__Aim of the task__
These records contain pictures, which must be left out; copy exactly the lines from the one with "Jante alum. ARD" up to and including the one with "семьи. Не унывайте!".

################

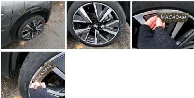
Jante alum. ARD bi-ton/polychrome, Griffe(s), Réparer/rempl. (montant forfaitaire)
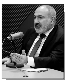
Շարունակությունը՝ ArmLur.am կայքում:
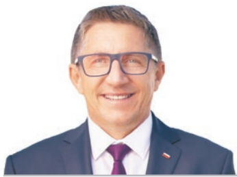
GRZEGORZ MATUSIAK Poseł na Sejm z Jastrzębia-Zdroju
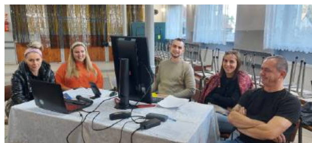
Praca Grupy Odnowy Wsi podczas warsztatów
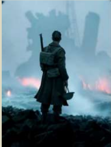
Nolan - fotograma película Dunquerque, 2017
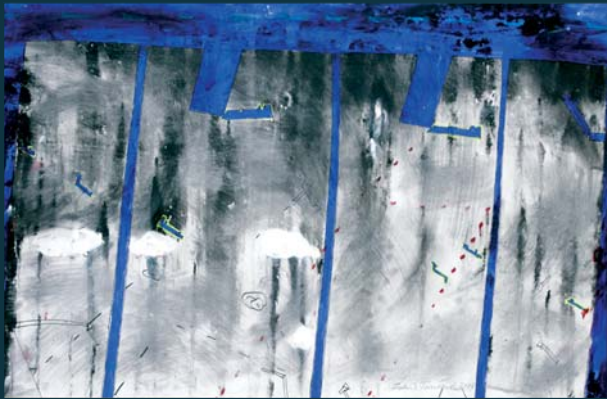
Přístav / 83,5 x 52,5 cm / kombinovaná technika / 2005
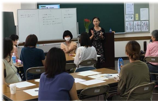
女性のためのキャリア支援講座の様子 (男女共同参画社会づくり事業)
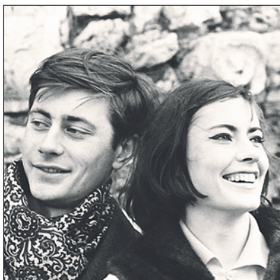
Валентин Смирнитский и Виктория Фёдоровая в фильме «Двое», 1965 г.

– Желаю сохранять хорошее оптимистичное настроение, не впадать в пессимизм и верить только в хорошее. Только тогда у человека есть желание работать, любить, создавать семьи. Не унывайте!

################

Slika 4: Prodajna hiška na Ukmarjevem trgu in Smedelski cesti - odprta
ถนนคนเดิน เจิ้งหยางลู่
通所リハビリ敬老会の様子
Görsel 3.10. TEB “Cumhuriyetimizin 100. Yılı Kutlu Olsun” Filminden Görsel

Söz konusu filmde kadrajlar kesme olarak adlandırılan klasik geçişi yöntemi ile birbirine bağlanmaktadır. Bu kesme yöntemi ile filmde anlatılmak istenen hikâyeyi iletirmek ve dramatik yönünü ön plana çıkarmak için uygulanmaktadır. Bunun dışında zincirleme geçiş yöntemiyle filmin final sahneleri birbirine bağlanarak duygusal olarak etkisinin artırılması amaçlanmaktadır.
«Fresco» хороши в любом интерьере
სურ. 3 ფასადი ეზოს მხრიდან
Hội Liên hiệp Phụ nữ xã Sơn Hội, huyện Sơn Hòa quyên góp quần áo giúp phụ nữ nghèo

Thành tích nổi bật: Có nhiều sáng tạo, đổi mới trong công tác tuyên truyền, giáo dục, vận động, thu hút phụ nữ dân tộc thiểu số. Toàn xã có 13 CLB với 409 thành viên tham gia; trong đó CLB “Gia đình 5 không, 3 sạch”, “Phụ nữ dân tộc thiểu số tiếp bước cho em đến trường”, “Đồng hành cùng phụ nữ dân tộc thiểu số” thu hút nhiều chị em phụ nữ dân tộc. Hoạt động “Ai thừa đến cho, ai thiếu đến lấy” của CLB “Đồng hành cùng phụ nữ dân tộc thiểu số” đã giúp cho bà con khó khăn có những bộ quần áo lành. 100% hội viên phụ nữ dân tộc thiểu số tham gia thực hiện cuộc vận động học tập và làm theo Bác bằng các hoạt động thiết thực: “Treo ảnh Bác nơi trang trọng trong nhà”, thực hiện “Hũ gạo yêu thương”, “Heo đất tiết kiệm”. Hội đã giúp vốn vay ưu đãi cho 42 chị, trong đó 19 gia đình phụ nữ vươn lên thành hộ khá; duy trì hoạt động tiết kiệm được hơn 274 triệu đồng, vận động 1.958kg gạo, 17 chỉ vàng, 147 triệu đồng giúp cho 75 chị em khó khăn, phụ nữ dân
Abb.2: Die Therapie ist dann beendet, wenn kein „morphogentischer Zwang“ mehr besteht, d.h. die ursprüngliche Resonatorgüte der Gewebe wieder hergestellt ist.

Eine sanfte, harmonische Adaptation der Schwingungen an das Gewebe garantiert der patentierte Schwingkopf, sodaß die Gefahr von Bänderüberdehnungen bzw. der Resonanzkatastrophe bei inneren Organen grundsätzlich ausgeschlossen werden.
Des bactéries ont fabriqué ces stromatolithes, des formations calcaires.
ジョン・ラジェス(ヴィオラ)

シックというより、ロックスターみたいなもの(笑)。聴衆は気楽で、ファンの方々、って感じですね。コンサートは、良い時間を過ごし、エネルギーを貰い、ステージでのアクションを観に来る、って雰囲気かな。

################

__Written solution__
Jante alum. ARD bi-ton/polychrome, Griffe(s), Réparer/rempl. (montant forfaitaire)
Շարունակությունը՝ ArmLur.am կայքում:
GRZEGORZ MATUSIAK Poseł na Sejm z Jastrzębia-Zdroju
Praca Grupy Odnowy Wsi podczas warsztatów
Nolan - fotograma película Dunquerque, 2017
Přístav / 83,5 x 52,5 cm / kombinovaná technika / 2005
女性のためのキャリア支援講座の様子 (男女共同参画社会づくり事業)
Валентин Смирнитский и Виктория Фёдоровая в фильме «Двое», 1965 г.

– Желаю сохранять хорошее оптимистичное настроение, не впадать в пессимизм и верить только в хорошее. Только тогда у человека есть желание работать, любить, создавать семьи. Не унывайте!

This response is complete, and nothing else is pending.